In 1921, she married Paul Robeson, who—with Essie’s devoted support—went on to become a renowned actor, singer, and civil rights activist. The couple were actively engaged in the struggle for racial equality, and were outspoken supporters of left-wing causes, often at significant cost to themselves. On an international stage, the Robesons advocated for peace, anti-colonialism, and the rights of oppressed peoples around the world. Robeson felt deeply the interconnectedness of struggles across the world, a sense strengthened by global travel and periods living in both London and Moscow.

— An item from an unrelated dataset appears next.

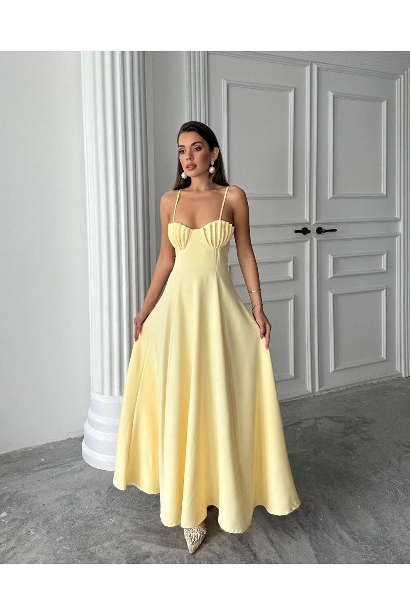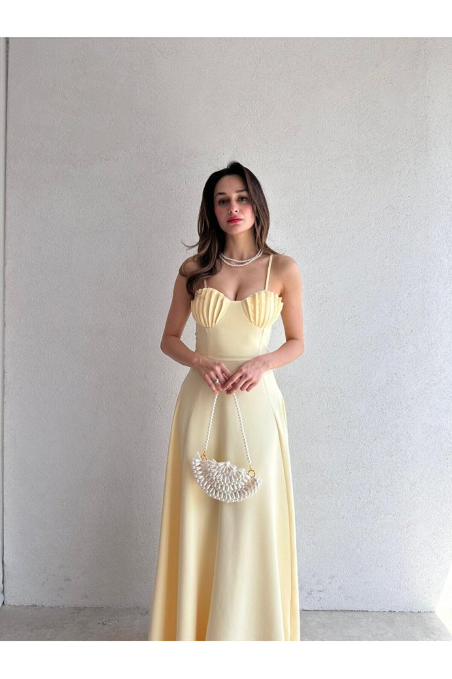 popibutik Kadın İnce askılı Göğüs Deniz Kabuğu Detaylı Kalp Yaka Uzun Elbise

In 1927, the Robesons’ son, Paul (known as Pauli) was born. He would later write of the ‘variety of attitudes toward religion’ held by his family, describing Essie’s mother as having been ‘a militant atheist’, and his own as ‘agnostic’. In her writing, Essie Robeson acknowledged the significance of the church to African American communities, but channelled her own energies into global struggles against oppression, rooted in a profound sense of shared humanity. She saw her own experience as a black woman in America in the wider context of international struggles for freedom and equality. While she recognised her own achievements, she knew that no one could be truly free until all were. In 1949, she wrote:
Now I have everything that most people want, but I would like more people to have at least some of what I have.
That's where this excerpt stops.